##### Supplied records

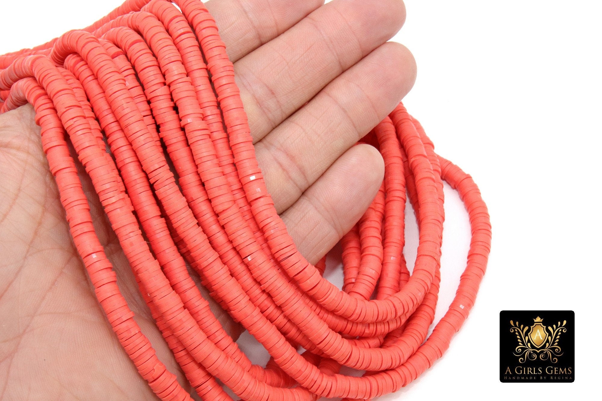 2 Strands 6 mm Clay Flat Beads, Dark Salmon Pink Heishi beads in Polymer Clay Disc CB #129, Light Red Rondelle
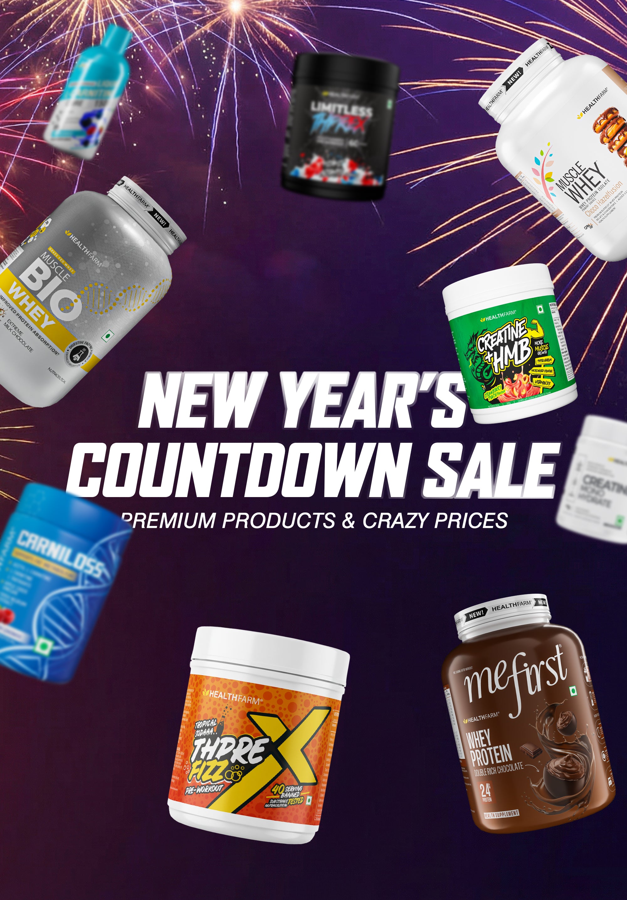 Healthfarm Muscle Whey (2Kg) + Shilajit (20g) + Thprex + Free Shaker
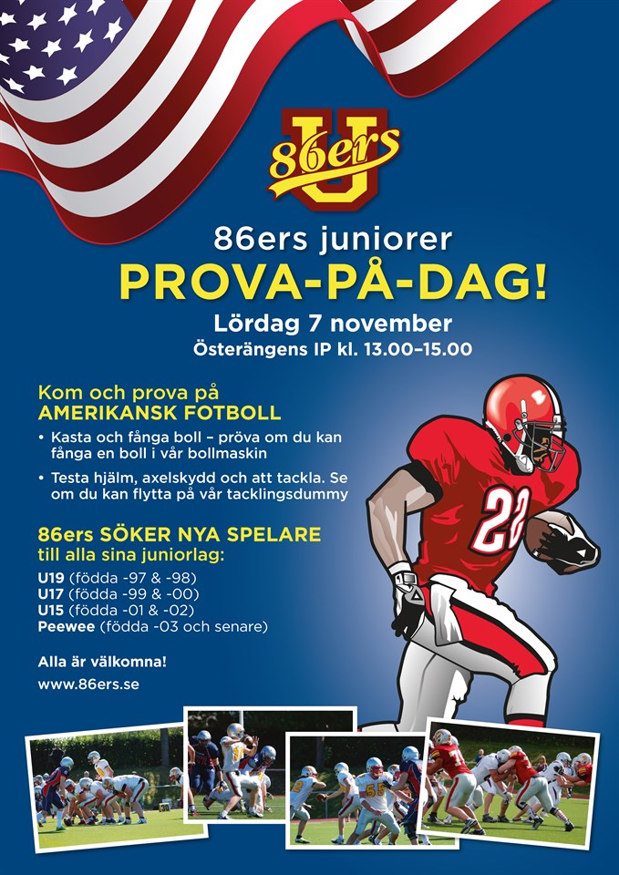 86ers juniorer - Prova-på-dag! Lördag 7 november Österängens IP kl. 13.00–15.00 Kom och prova på amerikansk fotboll • Kasta och fånga boll – pröva om du kan fånga en boll i vår bollmaskin • Testa hjälm, axelskydd och att tackla. Se om du kan flytta på vår tacklingsdummy 86ers söker nya spelare till alla sina juniorlag: U19 (födda -97 & -98) U17 (födda -99 & -00) U15 (födda -01 & -02) Peewee (födda -03 och senare) Alla är välkomna! Uppsala AFC 86ers 20 okt 2015 0kommentarer
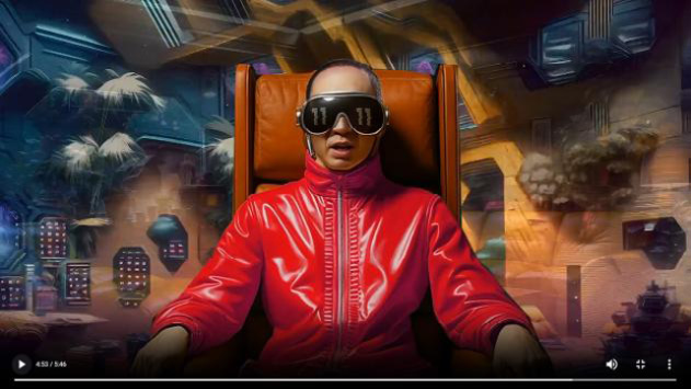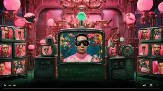 京东家电携手二手玫瑰乐队做“双十一”营销,让其进军带货领域。“玫瑰”和“没贵”的谐音,使品牌信息点传递起来清晰又有梗。而短片中,利用AI改编的二手玫瑰乐队传唱度最高的歌曲《我要开花11.11焕新版》MV,更是项目的高潮部分与点睛之笔。视频画面如图1-5-5和图1-5-6所示。
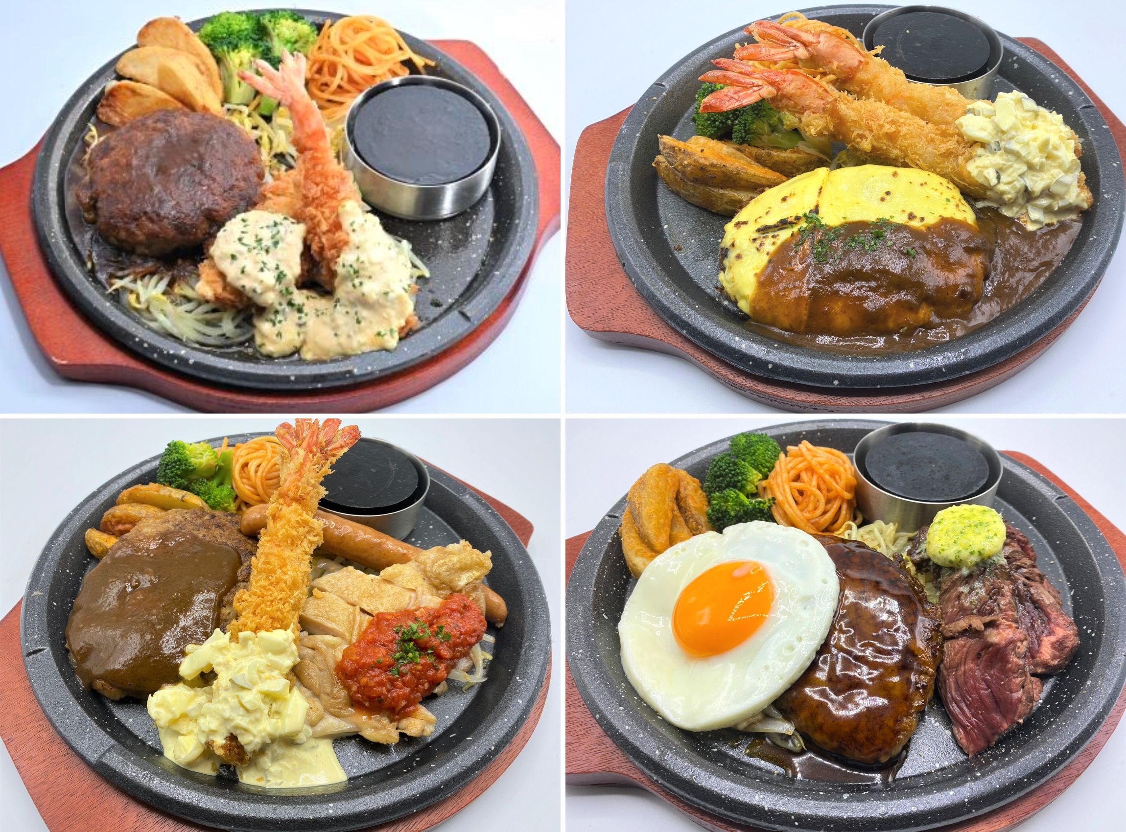 左上:「平嶋ハンバーグ150g」単品では200Bで提供可能。右上:こだわり牛肉と辛さの選べる自家製トマトソースを使用したボロネーゼ。左下:4種のきのこと自家製クリームソースがしっかりと絡まり合うクリームパスタ。右下:ほどよい辛味とニンニクのパンチがハマグリの風味を引き立てるボンゴレ。
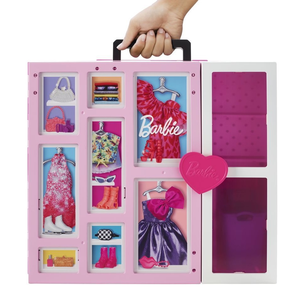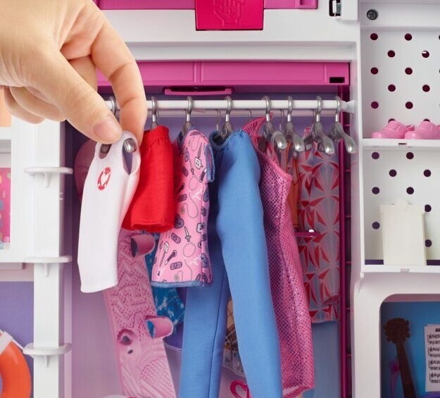 Гардеробная Барби представляет собой современный розовый шкаф, в котором есть более 10 мест для хранения одежды и модных аксессуаров, в том числе выдвижное пространство, образующее второй уровень, желоб с корзиной для белья, большое зеркало и стол. Создавать новый образ легко и приятно благодаря зеркалу и быстрому доступу к одежде, висящей на вешалках. После того, как вы выбрали наряд, поставьте свою куклу Барби на подставку, чтобы завершить образ и посмотреть, как модно она выглядит в большом зеркале. Бросьте поношенную одежду в лоток для белья и используйте стол, чтобы сделать истории еще более разнообразными.
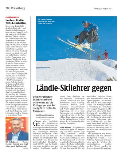 Beim Vorarlberger Skilehrerverband wird weiter auf die 3G-Regel gesetzt. Für Impfpflicht fehlte die Akzeptanz.
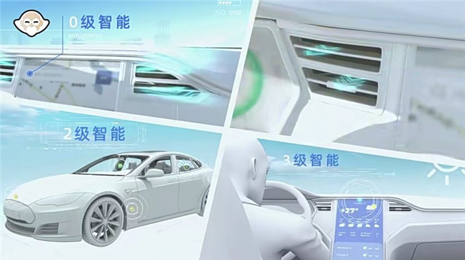 3、 2級智能:通過多個溫度傳感器實現自動開啟空調、檢測內部區域溫度變化從而自動調整不同出風口出風量等自動化功能;
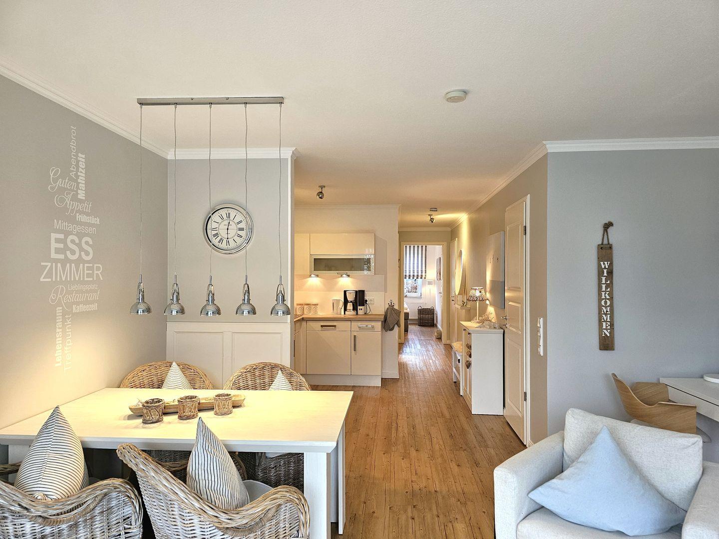 Der einladende Flur mit Garderobe und Spiegel heißt Sie herzlich willkommen und führt Sie in die liebevoll gestalteten Räume. Das einladende Wohn-/Esszimmer ist der perfekte Ort, um gemütliche Abende zu verbringen. Lassen Sie sich auf der bequemen, ausziehbaren Couch nieder, während Sie gemeinsam einen Film auf dem modernen Flachbild-TV genießen oder einfach nur bei einem Glas Wein die Seele baumeln lassen.
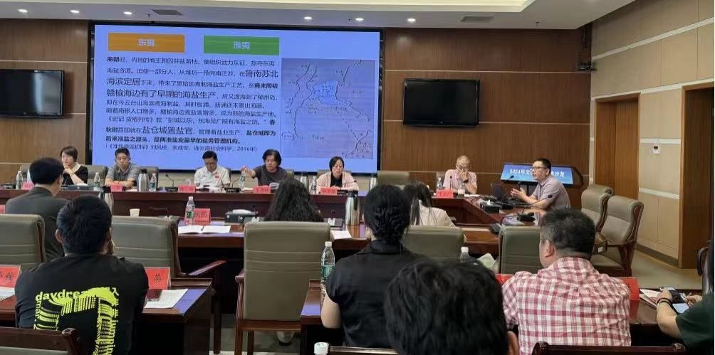 戚凤国副教授作了《两淮古法制盐工艺美学研究——商周制盐器》专题。他指出两淮古法制盐工艺美学研究对完善当代美学研究体系结构,赓续城市文脉,促进文化产业发展具有重要意义。从三个方面阐述了两淮盐业研究的重要性,一是其在国家财政中的重要地位;二是其对江淮区域社会发展产生了重要影响;三是留有丰富的两淮盐业遗存。
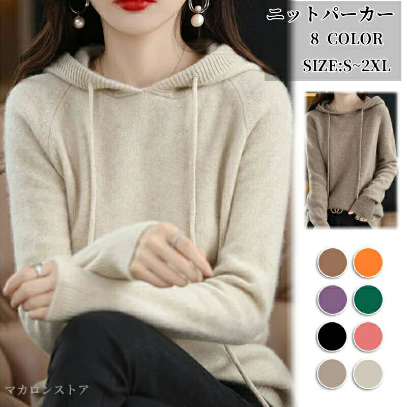 パーカー レディース おしゃれ ニットパーカー レディース 長袖 秋冬パーカー ニット スウェット フード 暖かい フリース パーカー カジュアル シンプル スポーティー 韓国 無地 着回し 秋冬 大きいサイズ 大人 選べる8色 重ね着 S-XXL

##########

* **Work item**: Your copy of the material above should be exact and free of pictures.

* **Result**:
 2 Strands 6 mm Clay Flat Beads, Dark Salmon Pink Heishi beads in Polymer Clay Disc CB #129, Light Red Rondelle
 Healthfarm Muscle Whey (2Kg) + Shilajit (20g) + Thprex + Free Shaker
 86ers juniorer - Prova-på-dag! Lördag 7 november Österängens IP kl. 13.00–15.00 Kom och prova på amerikansk fotboll • Kasta och fånga boll – pröva om du kan fånga en boll i vår bollmaskin • Testa hjälm, axelskydd och att tackla. Se om du kan flytta på vår tacklingsdummy 86ers söker nya spelare till alla sina juniorlag: U19 (födda -97 & -98) U17 (födda -99 & -00) U15 (födda -01 & -02) Peewee (födda -03 och senare) Alla är välkomna! Uppsala AFC 86ers 20 okt 2015 0kommentarer
 京东家电携手二手玫瑰乐队做“双十一”营销,让其进军带货领域。“玫瑰”和“没贵”的谐音,使品牌信息点传递起来清晰又有梗。而短片中,利用AI改编的二手玫瑰乐队传唱度最高的歌曲《我要开花11.11焕新版》MV,更是项目的高潮部分与点睛之笔。视频画面如图1-5-5和图1-5-6所示。
 左上:「平嶋ハンバーグ150g」単品では200Bで提供可能。右上:こだわり牛肉と辛さの選べる自家製トマトソースを使用したボロネーゼ。左下:4種のきのこと自家製クリームソースがしっかりと絡まり合うクリームパスタ。右下:ほどよい辛味とニンニクのパンチがハマグリの風味を引き立てるボンゴレ。
 Гардеробная Барби представляет собой современный розовый шкаф, в котором есть более 10 мест для хранения одежды и модных аксессуаров, в том числе выдвижное пространство, образующее второй уровень, желоб с корзиной для белья, большое зеркало и стол. Создавать новый образ легко и приятно благодаря зеркалу и быстрому доступу к одежде, висящей на вешалках. После того, как вы выбрали наряд, поставьте свою куклу Барби на подставку, чтобы завершить образ и посмотреть, как модно она выглядит в большом зеркале. Бросьте поношенную одежду в лоток для белья и используйте стол, чтобы сделать истории еще более разнообразными.
 Beim Vorarlberger Skilehrerverband wird weiter auf die 3G-Regel gesetzt. Für Impfpflicht fehlte die Akzeptanz.
 3、 2級智能:通過多個溫度傳感器實現自動開啟空調、檢測內部區域溫度變化從而自動調整不同出風口出風量等自動化功能;
 Der einladende Flur mit Garderobe und Spiegel heißt Sie herzlich willkommen und führt Sie in die liebevoll gestalteten Räume. Das einladende Wohn-/Esszimmer ist der perfekte Ort, um gemütliche Abende zu verbringen. Lassen Sie sich auf der bequemen, ausziehbaren Couch nieder, während Sie gemeinsam einen Film auf dem modernen Flachbild-TV genießen oder einfach nur bei einem Glas Wein die Seele baumeln lassen.
 戚凤国副教授作了《两淮古法制盐工艺美学研究——商周制盐器》专题。他指出两淮古法制盐工艺美学研究对完善当代美学研究体系结构,赓续城市文脉,促进文化产业发展具有重要意义。从三个方面阐述了两淮盐业研究的重要性,一是其在国家财政中的重要地位;二是其对江淮区域社会发展产生了重要影响;三是留有丰富的两淮盐业遗存。
 パーカー レディース おしゃれ ニットパーカー レディース 長袖 秋冬パーカー ニット スウェット フード 暖かい フリース パーカー カジュアル シンプル スポーティー 韓国 無地 着回し 秋冬 大きいサイズ 大人 選べる8色 重ね着 S-XXL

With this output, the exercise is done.